In the three years since the administration headed by City Manager John Russo and Mayor Marie Gilmore took over, unfunded liabilities have jumped by more than $21 million. Yet, for some reason, the P.R. machine at City Hall failed to crank out a press release bragging about breaking the $200 million barrier.
To be fair: one can’t lay all of the blame for the rise in unfunded liabilities on the Russo/Gilmore administration. The increase isn’t attributable, solely or even primarily, to their stewardship of the City’s financial affairs – any more than the growth in reserves or the upgrade in the City’s bond rating is due, solely or even primarily, to their management of the City’s business.

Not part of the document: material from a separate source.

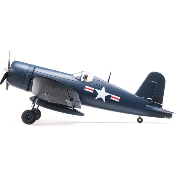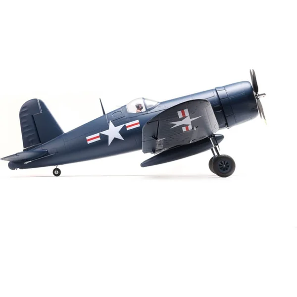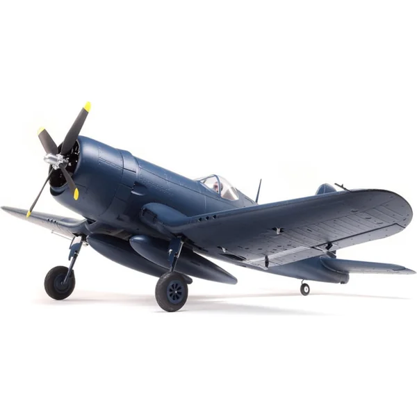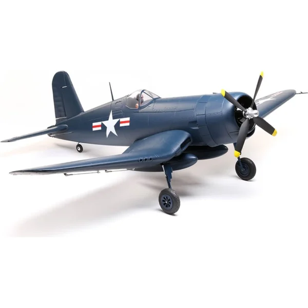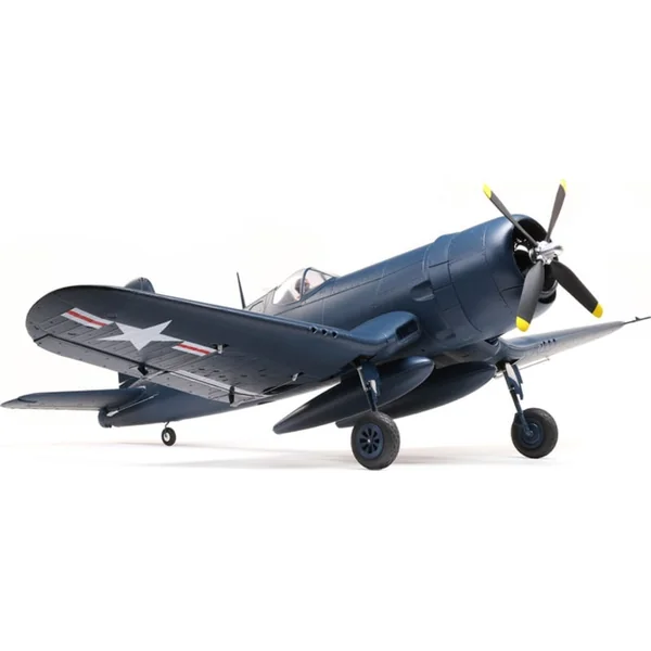 Modèle RC d’avion E-flite F4U-4 Corsair avec un nouveau régulateur Avian 70A Smart Lite pour LiPo 3-4S. Train d’atterrissage électrique rétractable et volets de sustentation, possibilité de performance accrue avec LiPo 4S propulsant le modèle dans une catégorie supérieure. Montage facile, 6 servos, décoration prête à l’emploi, hélice à 4 pales.

By the same token, it is fair to point out that, since Ms. Gilmore was elected and Mr. Russo was hired, City Council has made only token efforts to rein in current costs and future liabilities for retiree benefits. Mr. Russo began well enough: as one of his first acts as City Manager, he appointed a task force to study the City’s pension and OPEB obligations. The task force duly met and came up with a list of recommendations. Council’s response was to . . . ignore them.
Start with OPEB. The task force reached consensus on four action items:
- Make further changes to the vesting and eligibility rules for new hires;
- Establish a plan such as a 401(a)(h) in which employees make contributions now to fund their future health care;
- “Buy out” the accrued benefits by establishing a program like the one in Beverly Hills in which employees are given an option of receiving money (either cash or tax advantaged account) in exchange for their defined benefit; and
- “Work with employee bargaining groups to negotiate down the liability.”

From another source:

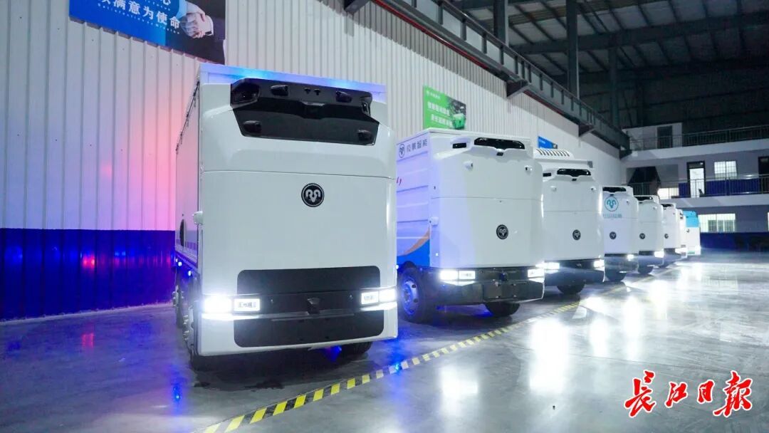 12月11日上午,在武汉经开区的一处测试道路上,几辆蓝白配色的无人驾驶洗扫机器人正缓缓移动。它们灵活绕开临时停靠的车辆,将落叶与纸屑“吞”入肚子中,同步完成喷水、洗扫。

So which of these four recommendations did Council implement after receiving the task force report? None of them.
But the OPEB problem wasn’t going to go away – it was getting worse – so staff made another presentation in July 2013 focused specifically on OPEB. The staff report laid out nine possible courses of action:
- Create an “OPEB trust” that would accumulate funds to be used to pay future liabilities;
- Create a tiered-benefit program in which the longer an employee worked, the more benefits she would earn ;
- “Cap” the City’s contribution rate;
- Move to a defined contribution plan in which the City contributes a flat amount regardless of benefit costs;
- Buy out the benefits (the “Beverly Hills solution”);
- Increase the City’s annual OPEB contribution and use the excess over cost to pay down future liabilities;
- Negotiate an agreement with the unions in which employees would start contributing toward the cost of retiree health benefits;
- Limit spousal benefits;
- Change the benefit to the PEMHCA minimum.
The easiest step to take was the first one, since setting up an OPEB trust is simple; the real issue is how much to put into it and where the money’s coming from. So which recommendation did Council decide to execute? The first one, of course. The remaining eight – including getting employees to start contributing — were, as they say, laid on the table.
And funding the OPEB trust? It hasn’t happened. Last month, Council got around to approving hiring a consultant to manage the trust. Once everything gets set up, staff reported, the City will make its first contribution: $250,000!
And then there’s pensions.
The pension/OPEB task force appointed by Mr. Russo suggested a number of actions the City could take to reduce pension costs and liabilities. The majority didn’t go along with the concept — favored by the public safety union representatives – of selling Alameda Point or other City assets and applying the proceeds to the accrued indebtedness. (The City couldn’t have taken money from selling Alameda Point for this purpose anyway).
The majority of the task force supported creating a less generous pension plan for newly hired employees. Unfortunately, the financial impact of this move wouldn’t be felt for many years. But a majority also endorsed negotiating an agreement with the unions for employees to pay more of the City’s share of pension costs. This would produce an immediate and dramatic impact on the City’s financial condition.
To get an idea of the potential impact, look at the numbers for the most recent fiscal year, which ended on June 30, 2013. The City’s required employer contribution for the safety pension plan was 38.683% of payroll – a total of about $8 million. For “miscellaneous” employees, the required employer contribution was 14.561% of payroll – a total of about $3.3 million. Any cost-sharing by employees would reduce, dollar for dollar, the money sent to CalPERS from the General Fund.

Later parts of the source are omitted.